_Task statement_
Some of the lines below need repeating. Reproduce exactly those between the lines holding "De Himmerlandske Heder" and "The Heaths of", inclusive.

_Data for processing_

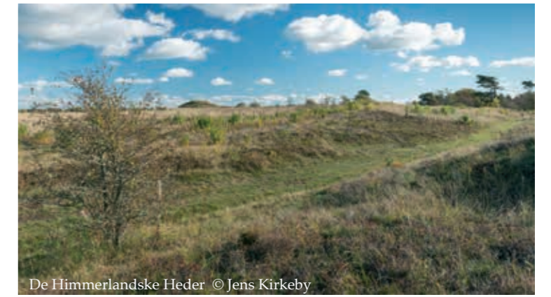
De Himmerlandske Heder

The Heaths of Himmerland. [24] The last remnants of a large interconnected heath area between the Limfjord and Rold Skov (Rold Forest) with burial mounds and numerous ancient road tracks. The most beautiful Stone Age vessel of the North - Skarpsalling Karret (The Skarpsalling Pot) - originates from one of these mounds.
--
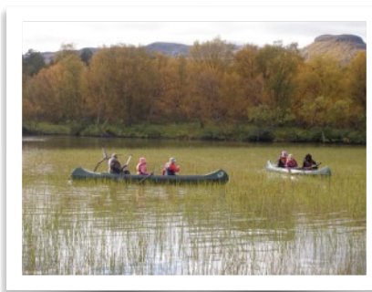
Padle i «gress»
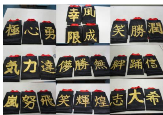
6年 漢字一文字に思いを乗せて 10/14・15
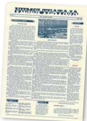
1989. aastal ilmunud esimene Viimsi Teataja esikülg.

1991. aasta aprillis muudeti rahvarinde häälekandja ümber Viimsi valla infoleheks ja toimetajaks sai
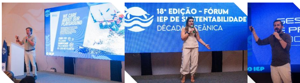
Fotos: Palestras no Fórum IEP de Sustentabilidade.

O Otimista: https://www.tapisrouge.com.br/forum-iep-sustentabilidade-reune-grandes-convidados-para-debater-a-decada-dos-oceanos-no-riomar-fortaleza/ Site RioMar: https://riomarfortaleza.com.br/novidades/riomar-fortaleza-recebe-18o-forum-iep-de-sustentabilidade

_Exercise result_
De Himmerlandske Heder

The Heaths of Himmerland. [24] The last remnants of a large interconnected heath area between the Limfjord and Rold Skov (Rold Forest) with burial mounds and numerous ancient road tracks. The most beautiful Stone Age vessel of the North - Skarpsalling Karret (The Skarpsalling Pot) - originates from one of these mounds.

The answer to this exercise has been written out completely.